Restructured assets of banks are now close to Rs 4 lakh crore. The proportion of impaired assets will rise to 13 per cent of total advances by March 2016, according to credit rating agency Fitch. The challenge is severe especially for state-owned banks, forcing them to apply the brakes on lending. Loan growth in the past year was at a multi-year low at below 10 per cent.

The Reserve Bank of India has also stepped in with tougher rules now, the latest being the strategic debt restructuring scheme which allows lenders to take control of defaulting firms.

Consider the case of Deccan Chronicle. On July 6, Andhra Bank plans to conduct an auction to sell a Chennai land and building owned by it for Rs 72 crore. This is around 21 per cent less than the Rs 92 crore proposed by the bank for the same property during the first auction in June 2013.

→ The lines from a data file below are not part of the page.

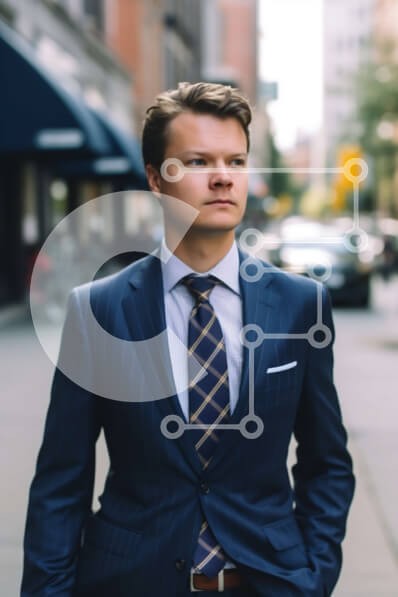 Υπάρχει δυνατότητα προσωποποίησης με δική σας φωτογραφία και προσαρμογής διαστάσεων κατόπιν παραγγελίας. Το συγεκεριμενο puzzle παρουσιαζει Αυτή η εικόνα δείχνει έναν άνδρα με μπλε κοστούμι και ριγέ γραβάτα να στέκεται σε έναν δρόμο της πόλης, κοιτάζοντας την κάμερα. Φαίνεται επαγγελματίας και με αυτοπεποίθηση, καθιστώντας τον το τέλειο θέμα για κάθε επαγγελματικό ή εταιρικό έργο. Επιπλέον, το αστικό τοπίο στο βάθ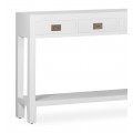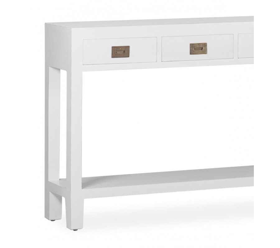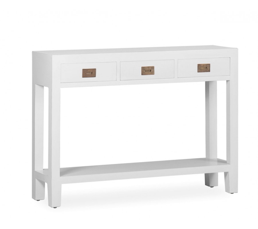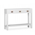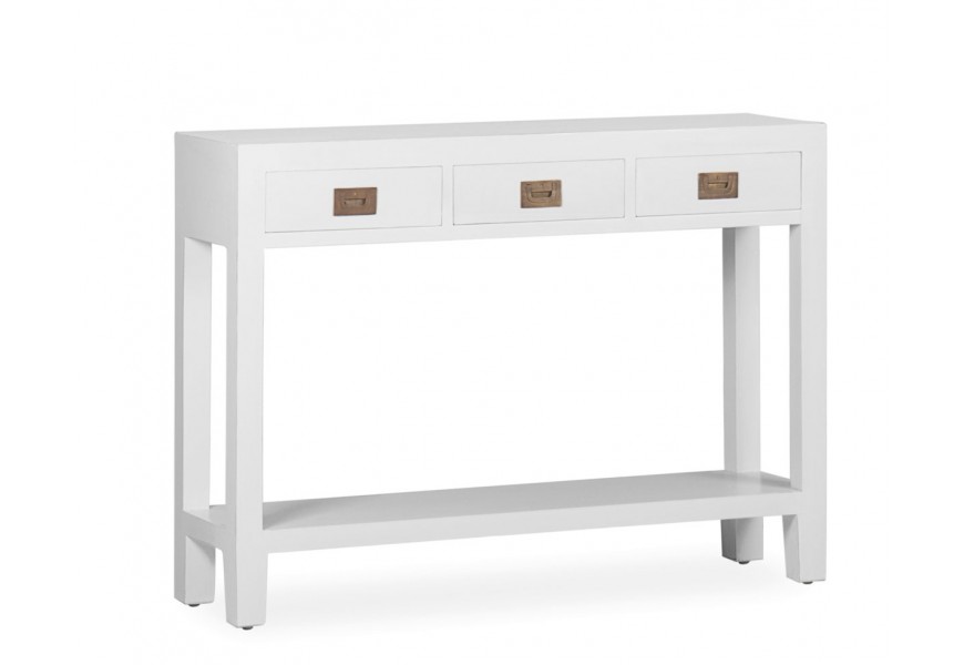 Klasický konzolový stolík Blanc z masívneho dreva mindi s bielou povrchovou úpravou a s tromi zásuvkami 110cm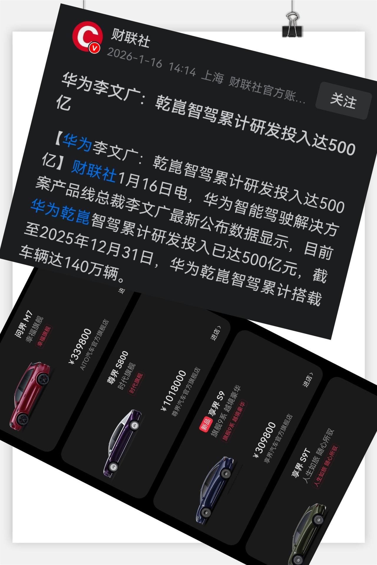 华为的乾坤智驾研发投入都达500亿元了,这是多少车企的数年利润都没有500亿元,怎么跟进?余总曾经说过,智能汽车的研发会拖垮很多企业,还真的没有说错。 主机厂,汽车不赚钱,那就是没有地方来钱了,而华为有很多业务顶上去,对华为而言,暂时不赚钱都无所谓,而且目前还赚钱了。所以打不过就加入吧,那么大投入可不是闹着玩的的~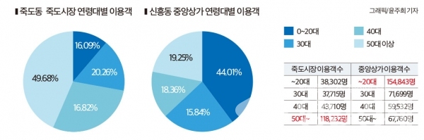그러나 50대와 60대 고객도 적지 않아, 다양한 연령층이 함께 어우러지는 시장입니다.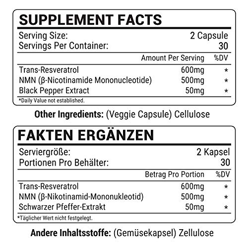 Trans-Resveratrol (600mg), NMN (B-Nicotinamide Mononucleotide) (500mg), Black Pepper Extract (50mg)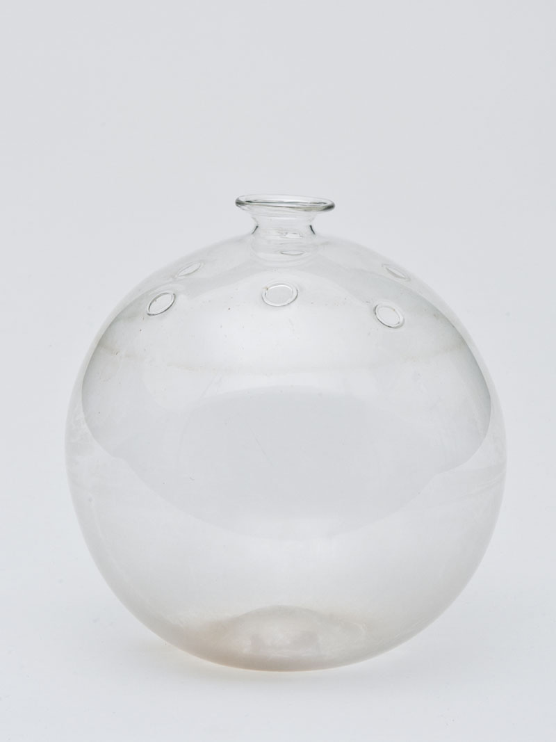 Manifattura di Murano - Piccolo vaso sferoidale portafiori in vetro cristallo soffiato. Anni 30/40 del sec XX (h cm 15)
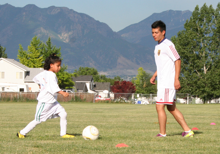 WEST JORDAN – Real Salt Lake team members presented for the first time a soccer clinic for the teams of different Catholic parishes in the new Father Carley sports field of Saint Joseph the Worker Catholic Church. Saul Garcia, who organizes the teams, said the July 6 clinic was possible through hard work and perseverance and that these type of events are very important to motivate the kids to become involved and stay involved in sports. "This is the first time (Real Salt Lake) has done a clinic for the Catholic community," said Garcia. "This time they are going to teach the kids how to play professional soccer, and one of the main players of RSL is going to be here with us, sharing time with the kids and giving autographs and taking pictures." This season about 250 kids are participating in different Catholic teams and some were left out because there were too many people interested in participating, Garcia said. The league has grown; it started just with the kids of the families of Saint Therese of the Child Jesus Parish, but now kids from different parishes and even non-Catholics have joined. Among the league sponsors are the University of Utah’s organ donation clinic, the Clinica Medica Familiar, some supermarkets and tax offices. This year, RSL offered its support. As a matter of fact, due to all the support they have received from RSL, 11 kids from the league will be escorted by RSL players onto the field for a Major League Soccer game against the New York Red Bulls on Aug. 6. "Our kids are also going to play a mini-game at the stadium during the half time of the game," said Garcia. The Catholic kids soccer league is named ‘Liga de Santa Teresita,’ honoring Father Martin Diaz, pastor of Saint Therese of the Child Jesus Parish, who has been a great support for them. The clinics conducted by the RSL Youth Soccer staff, players and coaches, are geared towards children ages 5-17. During the one at St. Joseph the Worker, the kids were divided into two groups: one for ages 5 to 10 and the other for 11- to 17-year-olds. "I’m very happy for all this," said Monica Hernandez, who took her son Martin to the clinic. "I love the fact that he does sports and I want him to keep doing it instead of playing video games or watching TV." During the clinic the kids learned how to prepare for a game, practiced control of the ball, coordination and speed. "These types of events are important to keep the kids busy in healthy activities so they are not just there wasting their time," said Nora Durazo, who learned about the clinic through the Internet. "We go to the Cathedral of the Madeleine, but I like to bring my kid to this league." During the clinic, Jamison Olave, the RSL defense player, appeared in the field and just in seconds he was surrounded by the kids and their parents, who made a line and waited for their turn to shake his hand, take a picture and get an autograph from the player. The Liga de Santa Teresita season finals will take place July 16, at noon on the Saint Joseph the Worker field.

The Indian Express has copies of the advertisements issued by Andhra Bank in 2013 and 2015.

Five other properties of Deccan Chronicle, in Chennai, Rajamundry, Vishakhapatnam and Vijaywada, worth Rs 133.47 crore, which were put up for auction by Canara Bank in 2013, have remained unsold, said a Canara Bank official.

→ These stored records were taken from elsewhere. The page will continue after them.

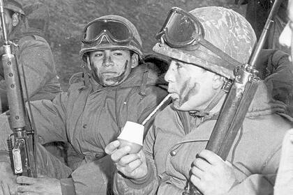 El viernes 2 de abril de 1982, una segunda edición de LA NACION informaba antes que nadie que las Fuerzas Armadas habían iniciado el desembarco en las islas. Abajo, soldados argentinos durante la guerra.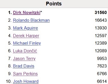 本場(chǎng)過(guò)后,諾維茨基隊(duì)史得分來(lái)到16644分,超越羅蘭多-布萊克曼(16643分),成為球隊(duì)的得分王。而諾維茨基在小牛的最終職業(yè)生涯得分定格在31560分。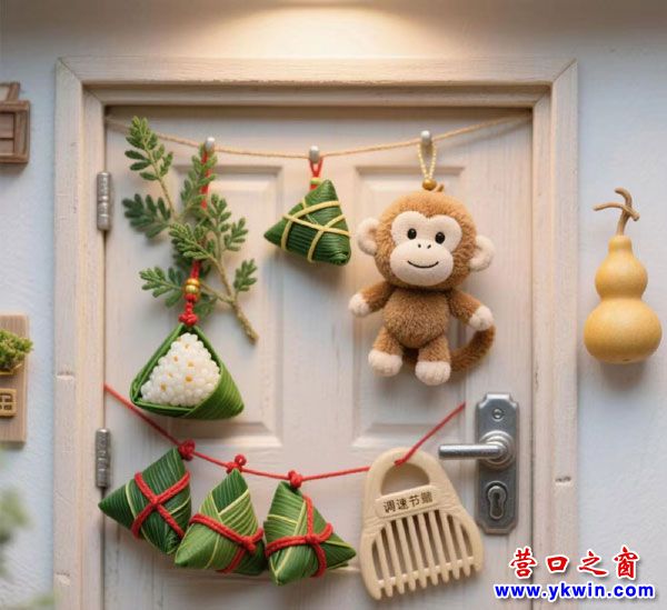 門庭之飾,亦蘊玄機。篦帚雙懸,篦盡邪祟;繡桃高掛,桃逃災殃。布猴執(zhí)棒,守宅門而鎮(zhèn)魍魎;彩粽垂金,祈財運以納禎祥。葫蘆倒懸,諧音福祿;彩線纏腕,色映霞光。虎頭繡褓,護稚子以安康;艾葉盈門,祛瘟神而辟穢。一物一象,皆含吉意;一俗一儀,盡訴衷腸。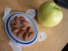 Mon déjeuner ce matin : petit pain végétalien aux épices, canneberges et noix avec un London Fog (je vais faire un «comment faire» un London Fog demain pour que les nouveaux sachent de quoi je parle). Mes collations comprenaient une pomme et des amandes rôties, des dattes ainsi que des crudités et des craquelins.
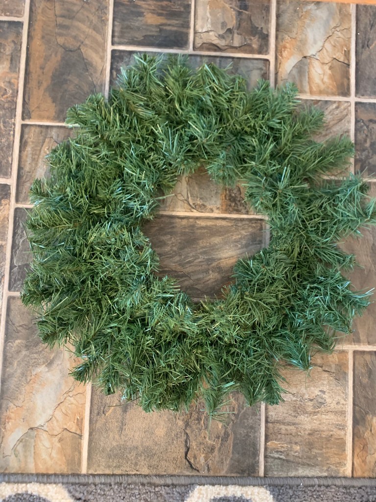 I had some Christmas things lying around that I wanted to use up. For some reason, I had two cheap, thin wreaths lying around. I don’t remember why I bought these but they have been here forever.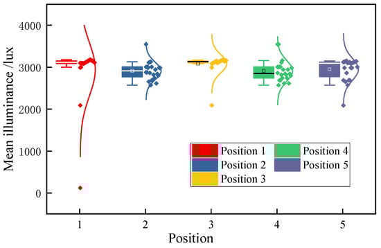 Illuminance uniformity is an important indicator for lighting design in natural light environments. The distribution of illuminance uniformity after optimization is shown in Figure 9. Within 24 h, the average illuminance/lux of the five locations is the highest at location 1, which is 3092.84/lux, and the lowest at location 4, which is 2970.68/lux. This average illuminance is close to the expected illuminance of 3101/lux after optimization. This confirms that the algorithm can achieve spatial lighting balance and reduce lighting differences.

According to V R P Raman, head of Abraham Enforcement and Recovery Services Pvt Ltd, the banks were forced to reduce the price of the Deccan Chronicle property because there are no takers. “The banks are really hoping to sell the property this time,” says Raman, whose firm acts an a recovery agent for 26 public sector banks.

Raman adds that attached properties of at least 75 companies worth Rs 2,500 crore have remained unsold, and that’s just counting the assignments handled by Abraham Enforcement and Recovery Services. “The overall amount of seized assets will be in the range of tens of thousands of crores,” said Raman.

About Zoom Developers, which is also handled by Raman, he said banks have attached properties worth around Rs 85 crore but managed to sell only one property for Rs 11 crore.

P K Malhotra, deputy managing director of the stressed assets division at State Bank of India, admits that poor economic activity has hindered the sale of industrial properties of big loan defaulters. “Sometimes there are no bidders. So instead of sporadic auctions, SBI has decided to conduct only mega auctions in the second week of the last month of every quarter,” said Malhotra.

To sweeten the deal for buyers, SBI is planning to include details of infrastructure in and around a seized property put up for auction.
Another senior banker who did not want to be named says buyers are not willing to shell out money even though banks have reduced the asking price by 10 per cent in each subsequent auction of the same property.

However, as the banker pointed out, “discounts can be given till a point. Otherwise we will be accused of selling the property cheap by the defaulting borrower”.

There are other hurdles too. For instance, in the case of big units which have defaulted on loan repayment, a consortium of banks is involved and a decision to sell the seized assets needs to be approved by it, which takes time. In the absence of a clear bankruptcy law, it is usual for borrowers to get a stay on the sale. In this year’s budget, the government announced that it would introduce a modern bankruptcy law.

Then again, banks sell these properties on a “as is where is and whatever is basis”, which means that the buyer has to deal with problems such as encroachers or getting an approval from the state industrial corporation.

“The problem with Zoom’s Mumbai and Indore properties is that they are encroached,” said Raman of Abraham Enforcement and Recovery Services. “Similarly another property of Zoom in Mumbai is a building which has been given on rent and the tenants have moved the DRT (Debt Recovery Tribunal) and obtained a stay on the sale of the building.”

Another recovery agent who didn’t want to be named says another big problem in buying land auctioned by banks is that there are no cash transactions. “There is no scope of using black money,” he said.

BANKS’ BURDEN
1.  Seized assets of at least five big defaulters have had no takers for a year.

2. Buyers stay away despite price cut by 10 pc in each subsequent auction.

3. In March 2015, outstanding bad loans amounted to around Rs 3 lakh crore.

4. Restructured assets of banks are now close to Rs 4 lakh crore.

5. Loan growth in past year was at a multi-year low at below 10 per cent.